▸ PROBLEM TO WORK ON:
All lines from the one that has "Соединитель гибкий двухсторонний" onward to the end of the records below are to be returned exactly; pictures are to be skipped.

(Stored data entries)
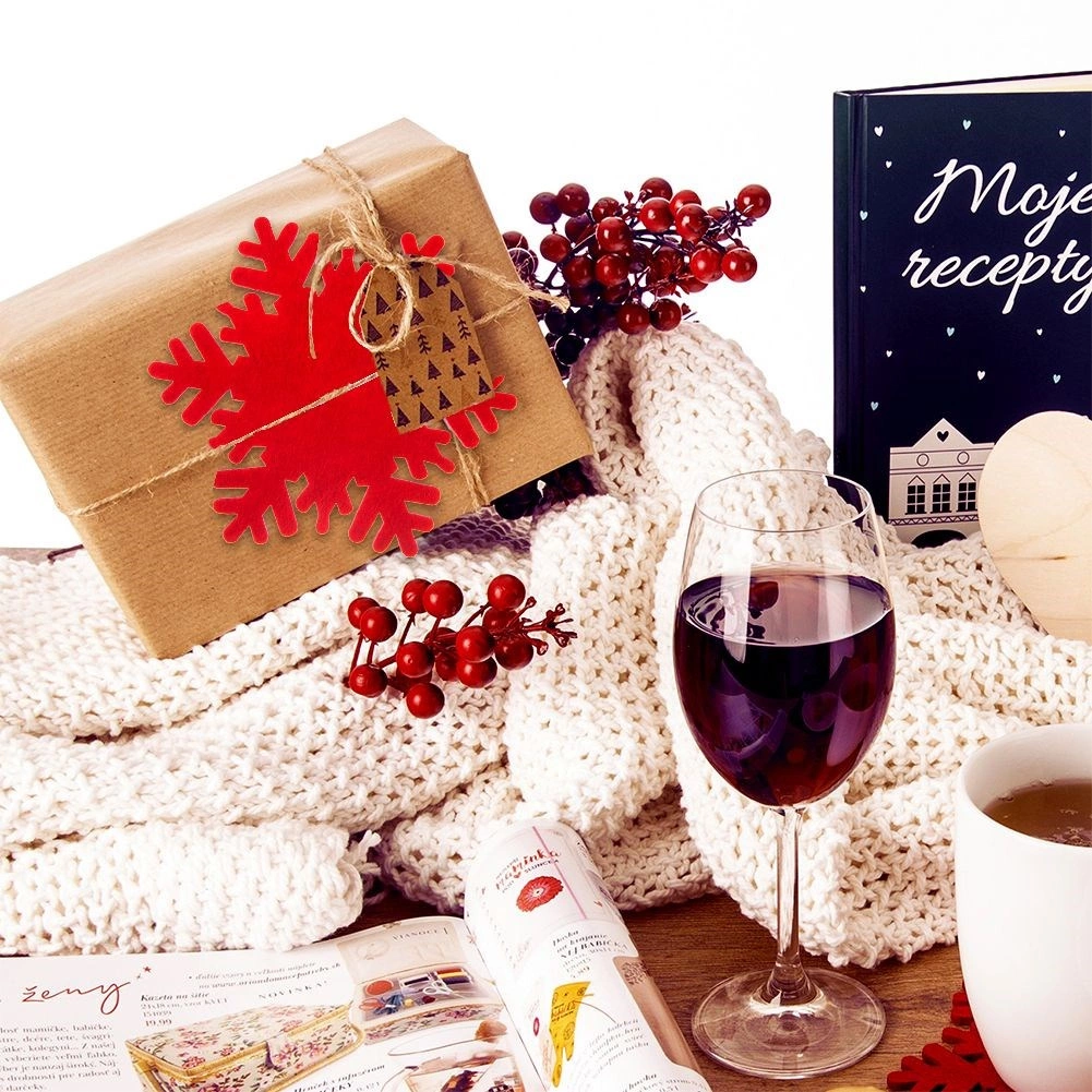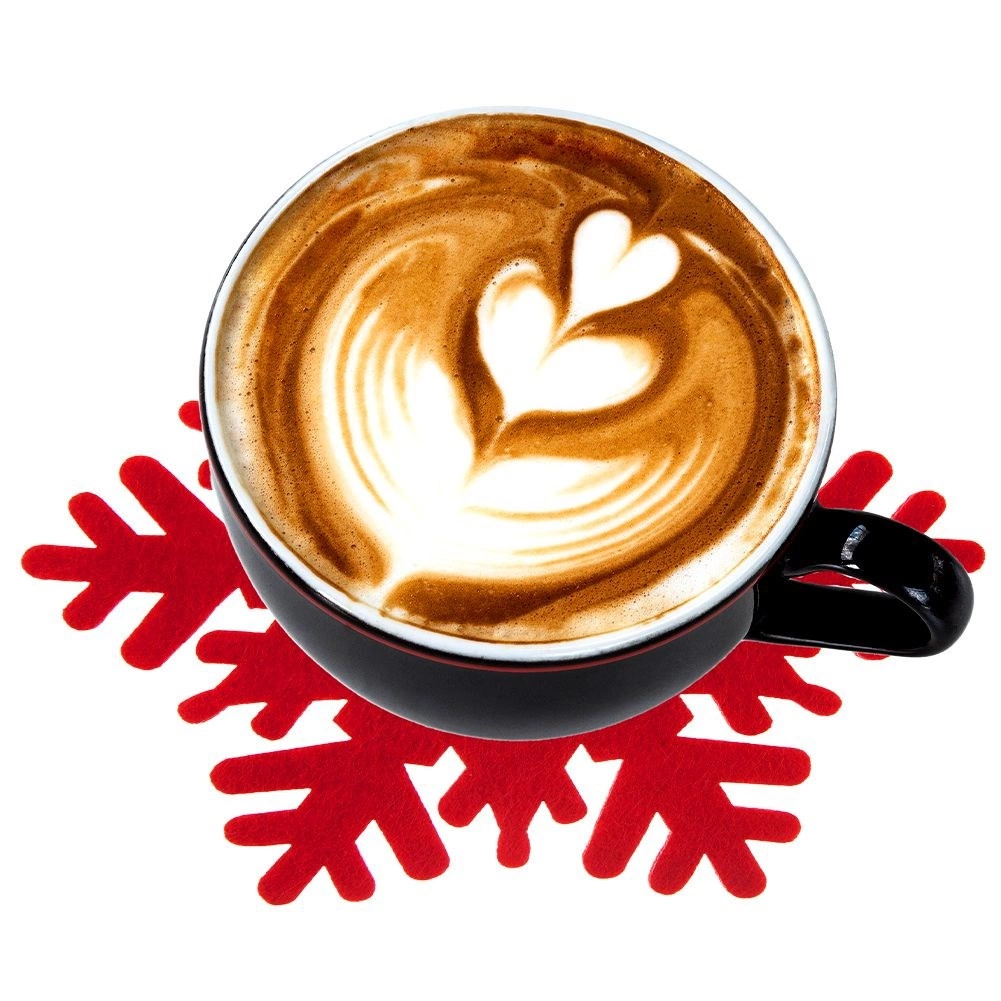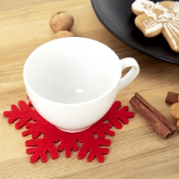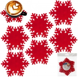 Suporturile roșii în formă de fulg de zăpadă creează instant o atmosferă festivă și completează aranjarea mesei în timpul iernii și de Crăciun.
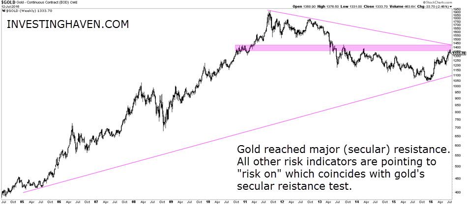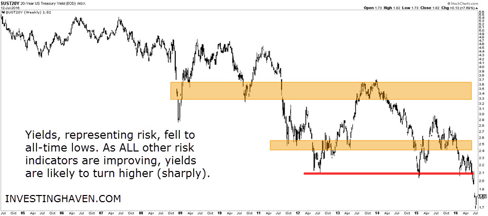 Third, gold, the ultimate safe haven, has rallied sharply in 2016 similarly to the Yen. It was an impressive comeback of the yellow metal. However, as the secular gold chart shows, the metal arrived at double secular resistance (1) the trendline which connects the 2011 and 2012 peaks (2) as well as the peaks after the 2013 collapse. It is not likely, given the setup of the other risk indicators, that gold will simply break through this in 2016 (probably also not in the first part of 2017).
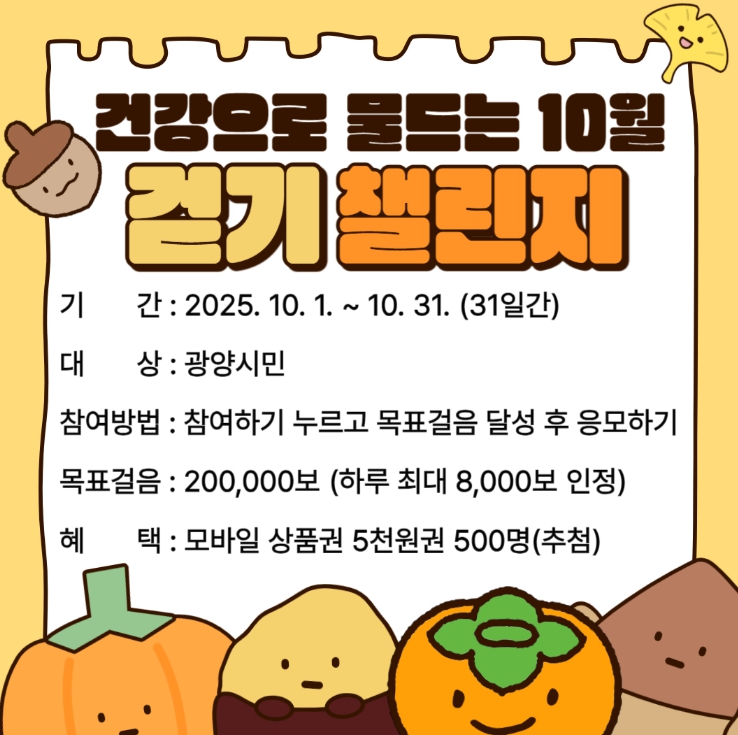 한편, 광양시는 생활 속 움직임을 활성화하고 시민 건강 증진을 도모하기 위해 모바일 걷기 앱 워크온을 활용한 걷기 챌린지를 매월 운영하고 있다.
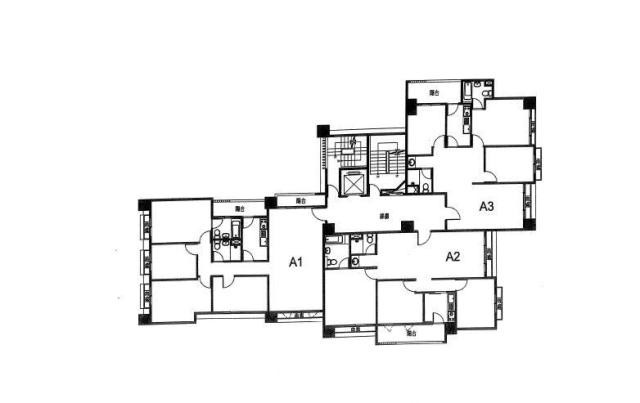 ↑↑↑一層的隔局分配平面示意圖:A1為55坪、A2為45坪、A3為43坪。
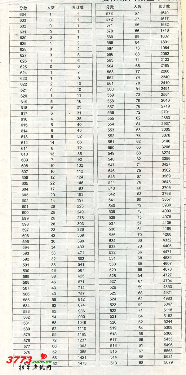 从分数段表可以看出,今年四城区考生中排名第一的分数为634分,只比总分少了16分。620分及以上的考生仅有16人,610分及以上的85人,600分及以上的249人。由此可见,600分以上的考分主要集中在600分到610分之间。
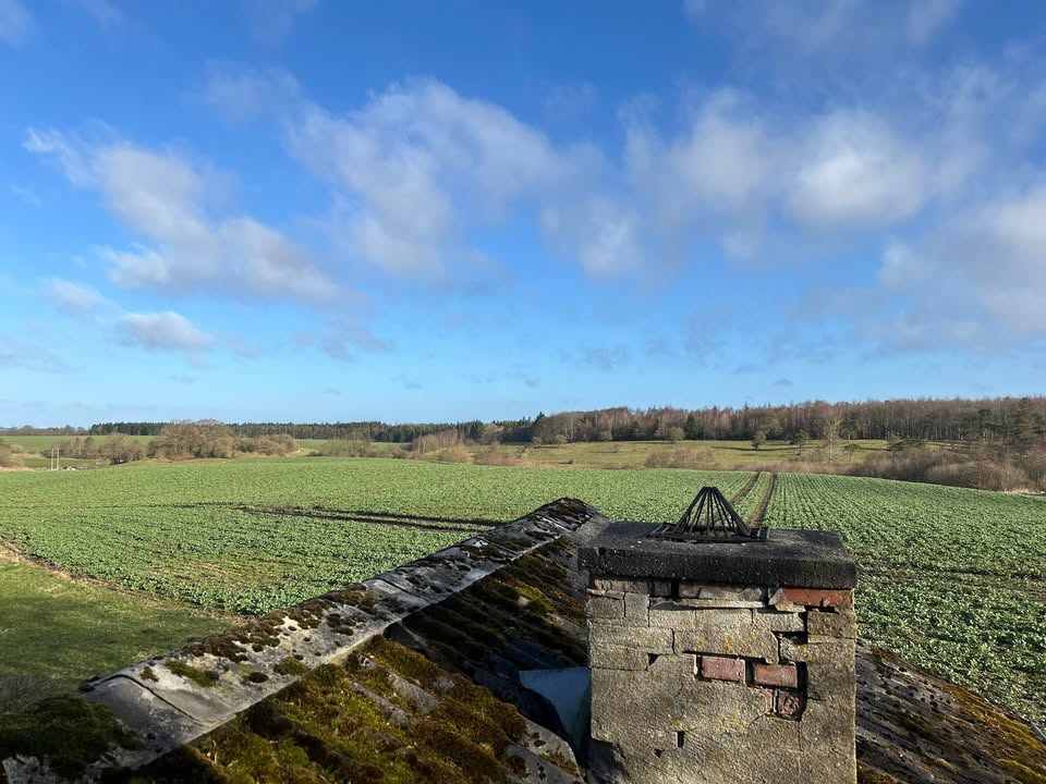 Tilhørende huset er der indkørsel, have og gode udearealer. Udsigten fra huset er helt fantastisk, hvor man kan se skov, marker og vand.
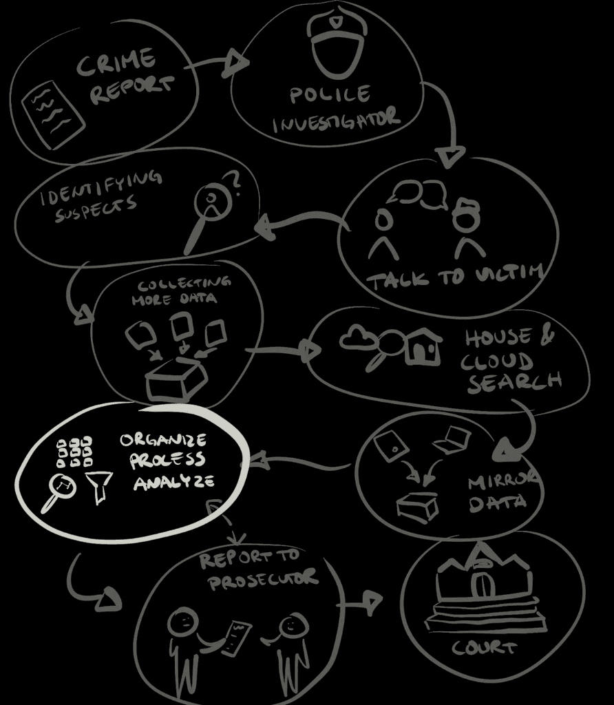 Developed in collaboration with Europol and the swedish police, this project addresses the challenge of processing large volumes of video data in investigative settings. Law enforcement agencies increasingly rely on AI-supported search to navigate evidence collected from diverse sources. The task was to design a user interface that enables efficient, adaptive, and responsible analysis of video material. Grounded in field research, the resulting system supports prompting, filtering, and visualizing data in ways that reflect real investigative workflows.
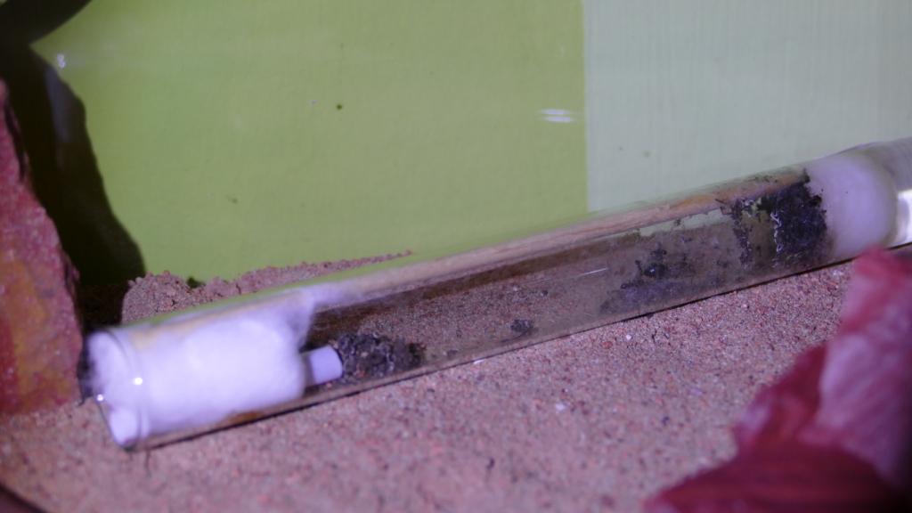 Heute gibt es mal wieder etwas Positiveres zu berichten. Als ich heute am Abend heimgekommen bin und mit der Taschenlampe ins Formikarium geleuchtet habe, konnte ich im Strohhalmeingang drei Puppen erkennen. Somit haben sich tatsächlich schon wieder Larven verpuppt. Laut anderen Haltungsberichten ist die Zeit von Puppe zu geschlüpftem Imago wohl recht lange. Wenn ich mich richtig erinnere ca. drei Wochen.
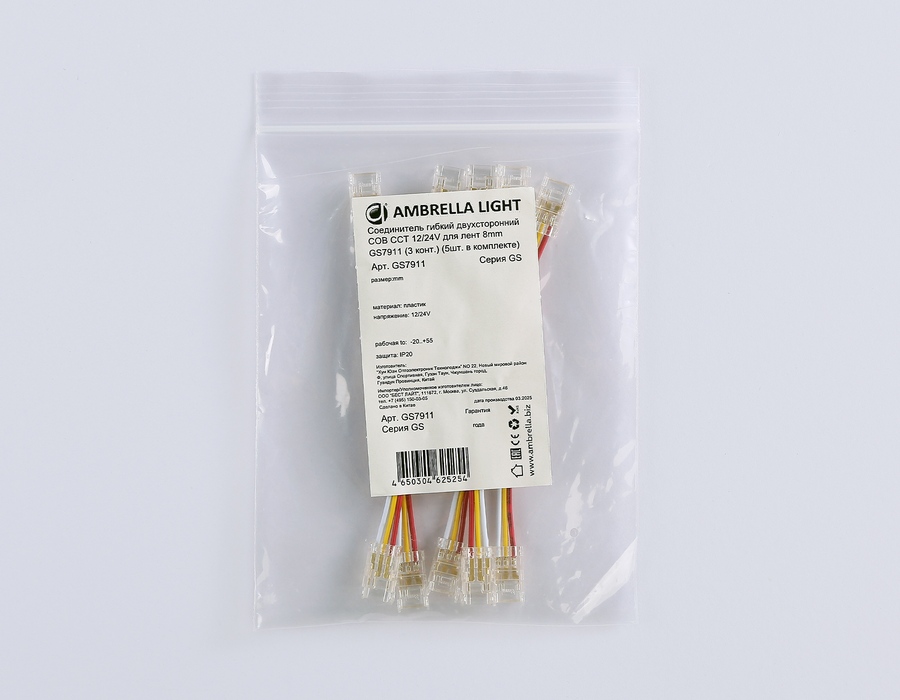 Соединитель гибкий двухсторонний COB CCT 12/24V для лент 8mm GS7911 (3 конт.) (5шт. в комплекте)
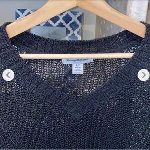 Tommy Bahama Marlina Tape Black Cropped Yarn Knot 3/4 sleeve sweater size medium
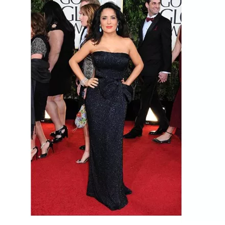 H Salma Hayek προτίμησε τον οίκο Gucci και ένα μαύρο strapless φόρεμα το οποίο συνδύασε με Tourmaline Cabochon σκουλαρίκια
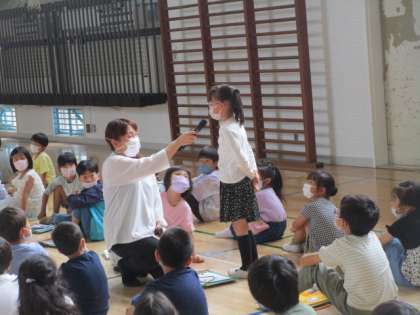 最後に、体育館に集まって感想を発表していましたが、2年生からは、1年生と仲良くなれてよかった、上手に説明できた等の感想がありました。1年生からも、楽しかった。2年生と仲良くなれた等の感想がありました。
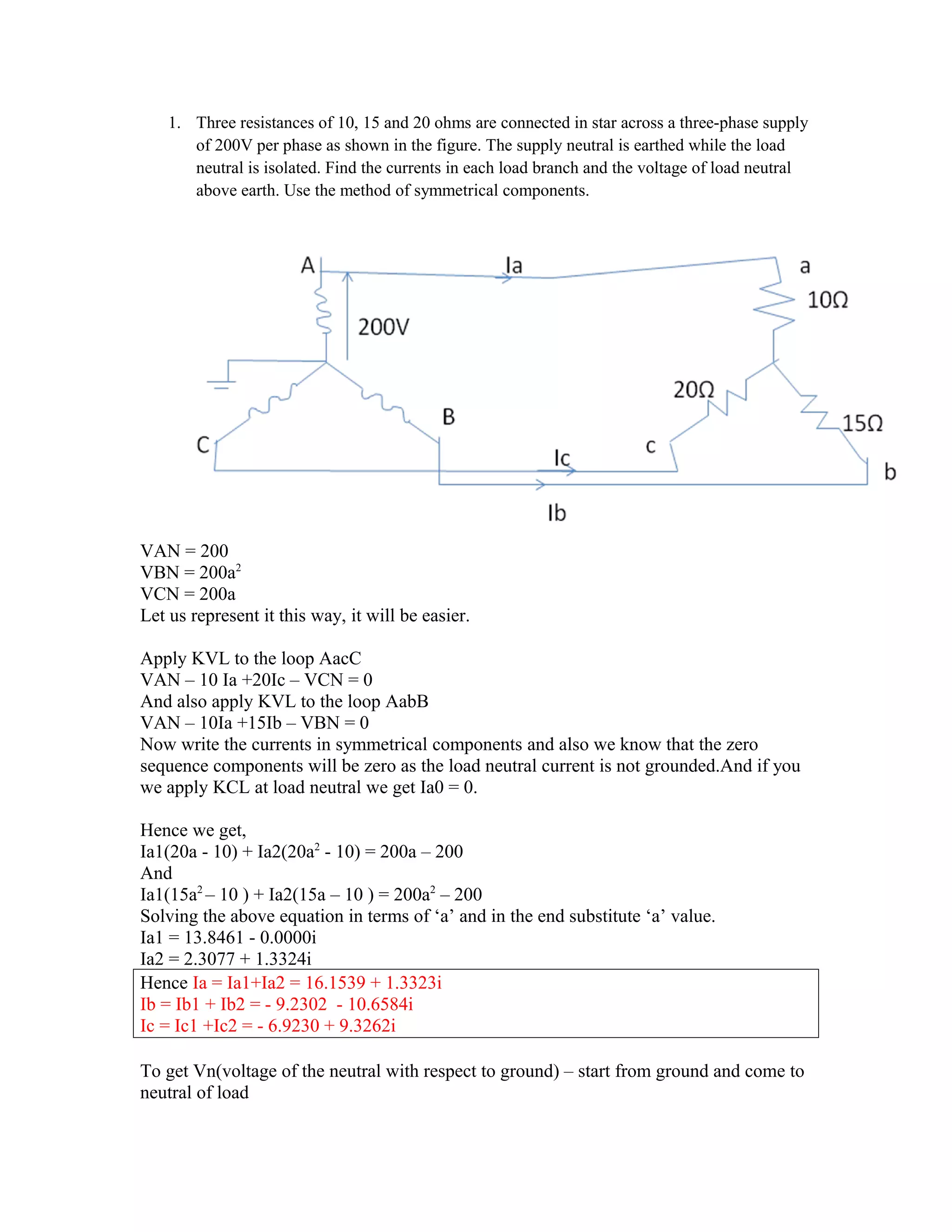 The document describes calculating currents in a star-connected load using symmetrical components. It finds:

▸ WRITTEN SOLUTION:
 Соединитель гибкий двухсторонний COB CCT 12/24V для лент 8mm GS7911 (3 конт.) (5шт. в комплекте)
 Tommy Bahama Marlina Tape Black Cropped Yarn Knot 3/4 sleeve sweater size medium
 H Salma Hayek προτίμησε τον οίκο Gucci και ένα μαύρο strapless φόρεμα το οποίο συνδύασε με Tourmaline Cabochon σκουλαρίκια
 最後に、体育館に集まって感想を発表していましたが、2年生からは、1年生と仲良くなれてよかった、上手に説明できた等の感想がありました。1年生からも、楽しかった。2年生と仲良くなれた等の感想がありました。
 The document describes calculating currents in a star-connected load using symmetrical components. It finds:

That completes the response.